Die andere Ecke, wo man es eventuell unterbringen könnte, ist in der Tat der ÖPNV-Bedarfsplan. Er hakt aufseiten der Landesregierung. Das ist gar keine Frage. Da hat es bei der Erstellung Schwierigkeiten gegeben. Das wäre die richtige Plattform, um zumindest eine Einordnung und Priorisierung – auch mit anderen Projekten, die es ja gibt – hinzubekommen.

Hier müssen wir dringend vorankommen. Dafür braucht es die entsprechenden Grundlagen. Ich hoffe, dass der Minister gleich darstellen kann, wie weit die Arbeiten hier gediehen sind.

Dann kommen Sie auch auf die tagesaktuelle Frage zu sprechen, ob in Sachen Kohleausstieg auch Maßnahmen zum Strukturwandel im nördlichen Ruhrgebiet vorgesehen sind.

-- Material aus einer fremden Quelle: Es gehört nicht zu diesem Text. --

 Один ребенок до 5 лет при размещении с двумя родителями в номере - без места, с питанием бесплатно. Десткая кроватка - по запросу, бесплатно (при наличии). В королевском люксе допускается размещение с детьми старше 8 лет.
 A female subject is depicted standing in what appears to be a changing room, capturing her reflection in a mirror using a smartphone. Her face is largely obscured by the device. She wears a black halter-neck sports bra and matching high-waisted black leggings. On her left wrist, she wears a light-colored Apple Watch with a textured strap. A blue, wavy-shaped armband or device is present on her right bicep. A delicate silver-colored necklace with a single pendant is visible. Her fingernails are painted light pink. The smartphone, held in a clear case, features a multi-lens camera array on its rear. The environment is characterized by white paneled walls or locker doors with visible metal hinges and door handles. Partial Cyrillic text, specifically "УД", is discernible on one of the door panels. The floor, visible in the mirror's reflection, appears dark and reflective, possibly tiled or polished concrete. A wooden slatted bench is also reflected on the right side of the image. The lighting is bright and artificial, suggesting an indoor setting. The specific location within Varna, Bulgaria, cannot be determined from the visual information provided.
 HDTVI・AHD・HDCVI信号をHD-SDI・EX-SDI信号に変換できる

Wir haben gegenüber der Landesregierung angemahnt, in die Debatte in Berlin und auch in die Kommission entsprechende Maßnahmen einzubringen, weil die Steinkohlekraftwerke gerade dort zu finden sind und die Energiewirtschaft selbstverständlich

hiervon betroffen wäre. Da haben wir bei der Landesregierung viele weiße Flecken entdecken müssen.

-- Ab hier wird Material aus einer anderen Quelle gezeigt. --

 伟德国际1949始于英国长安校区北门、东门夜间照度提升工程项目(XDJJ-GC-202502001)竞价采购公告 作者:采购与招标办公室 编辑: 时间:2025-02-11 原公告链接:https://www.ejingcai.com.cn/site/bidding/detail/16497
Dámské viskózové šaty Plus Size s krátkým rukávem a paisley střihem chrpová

(Lachen von Josef Hovenjürgen [CDU])

Ich bin mir nicht sicher, ob wir da nicht zu spät sind.

Aber zu spät ist es nie im Leben. Vielleicht haben wir noch eine Chance. Deshalb freue ich mich sehr auf die Beratung im Fachausschuss. Vielleicht können Sie bis dahin noch präzisieren, welcher Stiel in welchen Besen gestochen werden soll. – Herzlichen Dank.

(Beifall von den GRÜNEN)

Vielen Dank, Herr Kollege Remmel. – Für die AfD-Fraktion spricht Herr Kollege Vogel.

Sehr geehrte Frau Präsidentin! Meine sehr verehrten Damen und Herren! Der vorliegende Antrag liest sich sehr spannend. Das muss ich Ihnen zugestehen. Denn er hat sehr viele ungewöhnliche Wendungen in sich.